Oh I know its not that hard to move stuff from one phone to another (man i need to swap browsers so a spell checker will help my horribley typing skills and you guys wont suffer reading my baddly mispelled words). its really not that hard on a PC either, its just nobody does it. its kinda strange its ok to Upgrade a phone every year for $2-300, but a PC that costs $5-700 and only needs to be upgraded every few years is too much ( i guess its all in the use). I know i can keep all those games/apps but the gnereal public doesn see it that way, and sadly the phone guys are kinda jerks about it.. charging some "fee" to do it for you. I'm not saying it cant be done, I'm saying most do not do it (and alot dont as they just dont know they can). This perception is goign to play into it.
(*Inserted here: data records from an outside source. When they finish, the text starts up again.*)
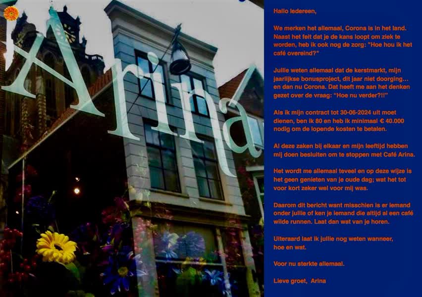 "Al deze zaken bij elkaar en mijn leeftijd, hebben mij doen besluiten om te stoppen met Café Arina. Het wordt me allemaal teveel en op deze wijze is het geen genieten van je oude dag, wat het tot voor kort zeker wel voor mij was".
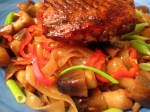 ” Teriayki Salmon & Garlic Noodles With Straw Mushrooms In Oyster Sauce “
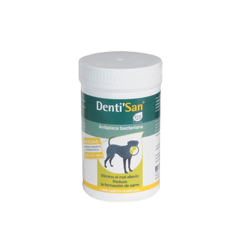 Los suplementos nutricionales, conocidos también como nutracéuticos, pueden aportar beneficios para la salud de nuestros perros en muchos sentidos. Así, en el mercado encontramos también suplementos destinados a mejorar la salud bucodental de los perros gracias a su acción contra la formación de placa bacteriana y sarro. Un ejemplo de ello es Denti’San, un suplemento nutricional natural desarrollado por Stangest para cuidar la salud dental de perros y gatos. Está elaborado con alga parda (Ascophyllum nodosum), excelente para prevenir la placa y el sarro, y hojas de alcachofa y arándonos rojos, ambos con un gran poder antioxidante, entre otros ingredientes. Para ofrecer este suplemento a nuestro perro tan solo debemos mezclar la cantidad indicada con su alimento, que corresponde con 1 cuchara por cada 5 kg de peso.
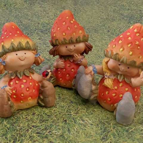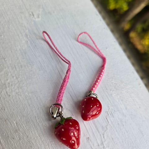 Oppheng til for eksempel grytekluter og jordbærkrem med kunstige jordbær i.
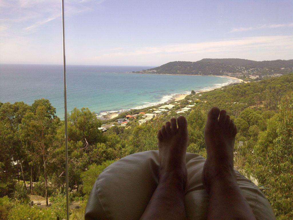 Perfect way to melt-away the stresses and strains of city life! This is the view from the lounge room of a holiday rental we rented in Lorne, Victoria, Australia. The view is along the Great Ocean Road, looking towards Lorne.

The Phone companies are not going ot advertise this, they want you rebuying stuff. I recently wne throuhg my old phone (verizon) which I gave to my roomate, we both are on the same plan to save money.. he clicked onteh navigator which lets you use if for free for 30 Days.. but i jut saw its been charging us $10 a month for a year.. (my roomates fualt more than anaything.. but why put something I can click on a phone and get charged like that?) i mean i accidenlty call people sometimes when i put my phonein my pocket to fast.. how that happens i hae no idea as it take more than one touch to call...

I work in a business tha caters to average people and deal with programers who say stuff like" they should know shift click does this" THEY DONT! the reason the iphone was so huge is simple minds( non tech is what i mean) could deal with it (please dont take that as a bad comment, its just true) it just works as has been said so many times... SAY? is there an app for that? to move data from phone to phone? I know i have software that came with my phone that does its, but its not point and click, its simple, but I KNOW many of my user base would mess it up.

So as I had an Iphone and used the app store.. but never looked hard at it.. If i buy somthing and its on MY ACCOUNT, if i get a new iphone i dont have to rebuy, i can just redownload it? Or do you mean i can use some backup program and move it? If its just a simple redownload.. then i stand corrected, that is pretty dang simple and easy, anybody should be able to do that.